The second area of concern centers around wall loss. In a used drill pipe or used tubing performance test standard, wall loss areas (to which traditionally used search coils are not sensitive) may also be included. Because of this several pipe inspection companies have tried to examine used drill pipe or used tubing with a 4 function EMI system. Unfortunately, these EMI systems employ a rotating spool-like fixture on which is mounted a gamma radiation device that bombards the body wall and calculates the wall loss. This device tests the pipe in an 18″ barber pole spiral helix. A small percentage of the body wall is actually examined, certainly not 100%.
To improve his situation the inspector may now take advantage of a recent advancement in electronic inspection technology. This step forward greatly decreases the difficulty of locating flaws, including reduced wall thickness. At the heart of this innovation is the solid- state, small area, diverted flux detector. Wall reduction areas, often previously left undetected, now are detectable since the introduction of these solid-state devices. Their increased sensitivity to flaws, over traditionally used inductive coils, provides tubular inspection personnel with a better opportunity to locate such three dimensional defects.
These small area solid state sensor semiconductors are packaged as IC’s and provide signal amplification at the defect location. Packaging them as IC’s also provides durability and hence longevity for the devices. The sensors have specific qualities which allow them to be used as both extremely accurate flaw detectors and wall loss indicators (loss of metallic area).
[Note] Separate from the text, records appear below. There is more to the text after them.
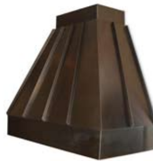
RANGE HOOD GUN-METAL BLUED STEEL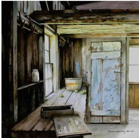
At the Olson Farm

Phone Time in Central Park — The Fallbrook Signature American Member International Exhibition .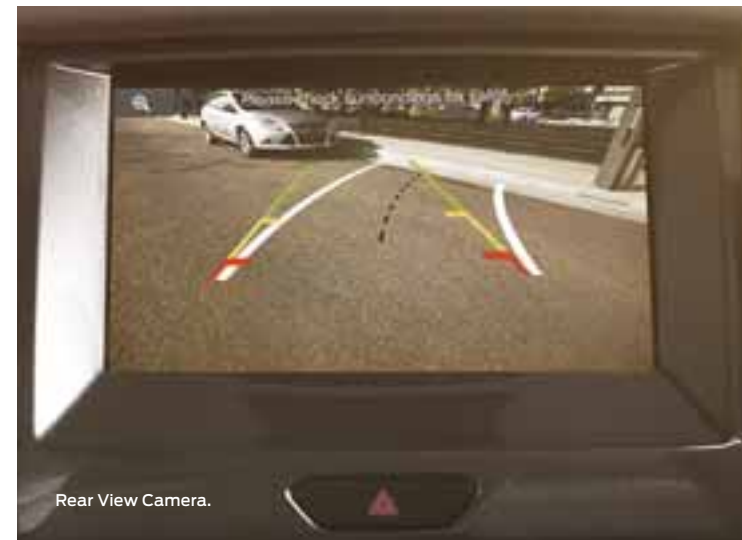
Rear View Camera.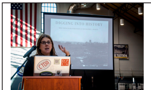
Digging Into History Page 4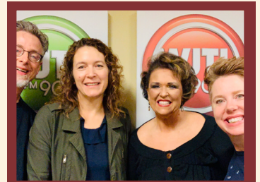
Thank you WJTL for promoting the National Day of Prayer for Mental health awareness, and Faith Friendship Ministries as the sponsor of the event.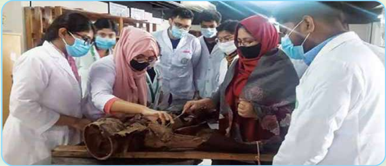
Anatomy Dissection Class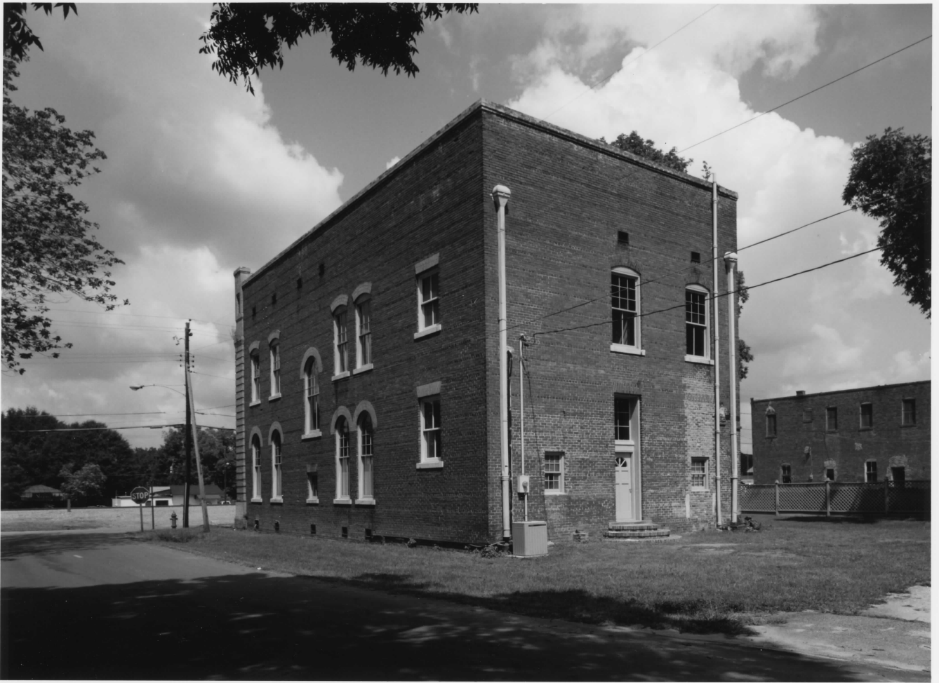
Wrightsville and Tennille Railroad Company Building Tennille, Washington Co., GA #2 of 5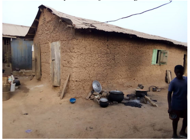
Plate 1: Reddish brown surface of a wall constructed with laterite: Authors Field work, 2019

of laterite walls easily get abraded and washed away when subjected to high rainfall (Osasona, 2005).

These small area sensors can be incorporated into new or existing mechanical devices generically referred to as pipe inspection equipment.
Using semiconductor sensors to locate wall loss provides 100% coverage of the tubular under inspection. The sensors are extremely sensitive to the change in magnetic field due to loss of metallic area. That portion of the pipe under observation needs only to have a 5% to 10% reduction of wall thickness to provide a significant signal to the chart recorder. The diameter of the defect needs only to be the approximate size of a quarter. Suspected rod wear in tubing or formation wear in drill pipe may be detected from upset to upset.
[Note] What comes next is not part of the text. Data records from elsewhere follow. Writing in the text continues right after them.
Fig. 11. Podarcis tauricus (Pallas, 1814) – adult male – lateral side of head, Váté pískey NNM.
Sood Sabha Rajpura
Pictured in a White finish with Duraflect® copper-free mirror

In conjunction with the use of these localized flux sensing devices for flaw or wall loss is state-of-the-art upstream electronics. This sophisticated electronics processes incoming signals from the sensor arrays of both the flaw and wall loss portions of the system. Both the flaw and wall loss inspection systems locate areas of suspected flaw or wall reduction, simultaneously. Unique signal processing characteristics of this equipment allow normally noisy tubulars to be quieted. This clarifies the signal output and provides an extremely good signal-to-noise ratio. A graphic chart recorder depicts the area and an indicator light alerts the inspector to the clock position where the signal originated. Properly calibrated, both flaw and wall loss renditions are characterized by linear outputs. Defect prove-up is accomplished by traditional non-destructive testing methods, using magnetic particles and ultrasonic wall measurement device. The chart is then interpreted by the inspector.
Consistency of defect rendition is another important QA consideration. Since the semiconductor IC’s are capable of identical output signals, the suspected flaw is basically rendered on the chart at the same amplitude no matter where the defect encounters the active transducer surface.
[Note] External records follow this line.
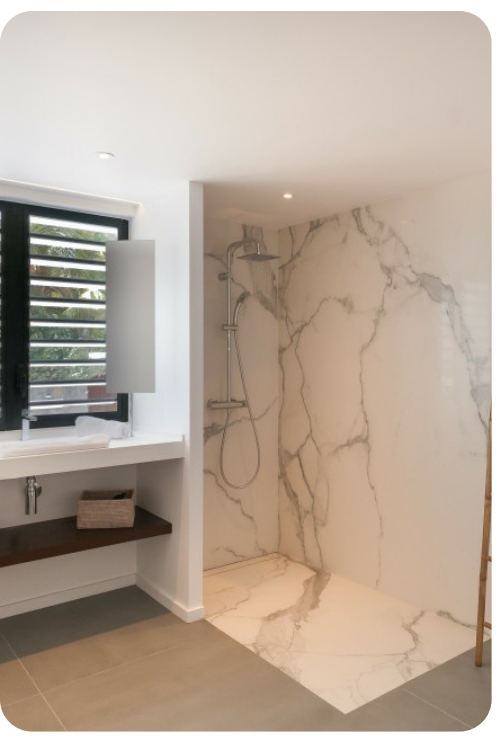
Villa Cairn | Page 4 of 7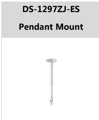
DS-1297ZJ-ES Pendant Mount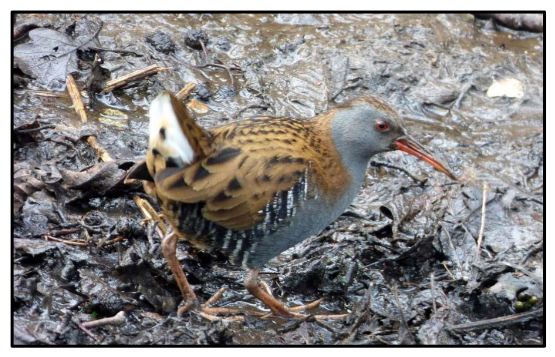
The group enjoyed fantastic views of the often-secretive Water Rail

With the sun getting lower in the sky, we retreated towards our hotel. A brief stop at the saltpans near the hotel gave a wonderful spectacle of around 200 Greater Flamingos feeding on one of the pans. These were joined by Sanderling, Mediterranean Gull, Yellow-legged Gull, Eurasian Magpie, European Stonechat, and our first Spanish Sparrow of the tour.

For example, there have been instances of relocating a specific tubular test standard. The artificial defects had not been ground out after initial calibration of the electronics. Even though the original inspector was not running the inspection unit, the previously cut notches provided a rendition that was unmistakable on the chart since the SOP (standard operating procedure) calibration was the same. Even after use in three wells, the tubular test standard’s fingerprint was recognizable. Repeatability is achievable using semiconductor sensors. Semiconductor “…signals are directly proportional to the actual magnitudes of the magnetic flux density and have uniform sensitivity over a wide frequency range”. 2 Conversely, search coils (used in older EMI equipment) respond differently for each frequency component they encounter.
These small area, semiconductor transducers “…can reveal each local portion of the distorted magnetic field distribution in detail… (and) they can resolve these local differences better (than search coils). These small detectors provide better resolution of small discontinuities (defects), as any small sensor would”. 3
With search coils loss of sensitivity also occurs as portions of the winding are raised from the test material surface. Conversely, the semiconductor sensor can enhance the electromagnetic coupling of the field because of its small, thin profile which “…can be placed flat upon the test material surface, whereas the larger coil pickups usually extend farther away from the surface.” 4
“Some inspection systems employ …(solid-state) sensors in both their transverse and longitudinal inspection heads:
a) Transverse Heads
Such heads traditionally have 8 or 16 coils encircling the tube. The sensitivity therefore goes down as the OD of the tube is increased. i.e. the longer coil used in the larger OD heads will have a poorer signal to noise ratio than the shorter coils used in the smaller OD heads, for the same size of pit or fatigue crack. With (semiconductor IC) elements, where there may be over 100 around the circumference of the tube, this problem does not exist.
b) Rotating Heads
Much existing equipment employs coil arrays in which the coils are 0.5 – 0.75 inches long. (Semiconductor)… elements are much smaller than this, and so two advantages arise.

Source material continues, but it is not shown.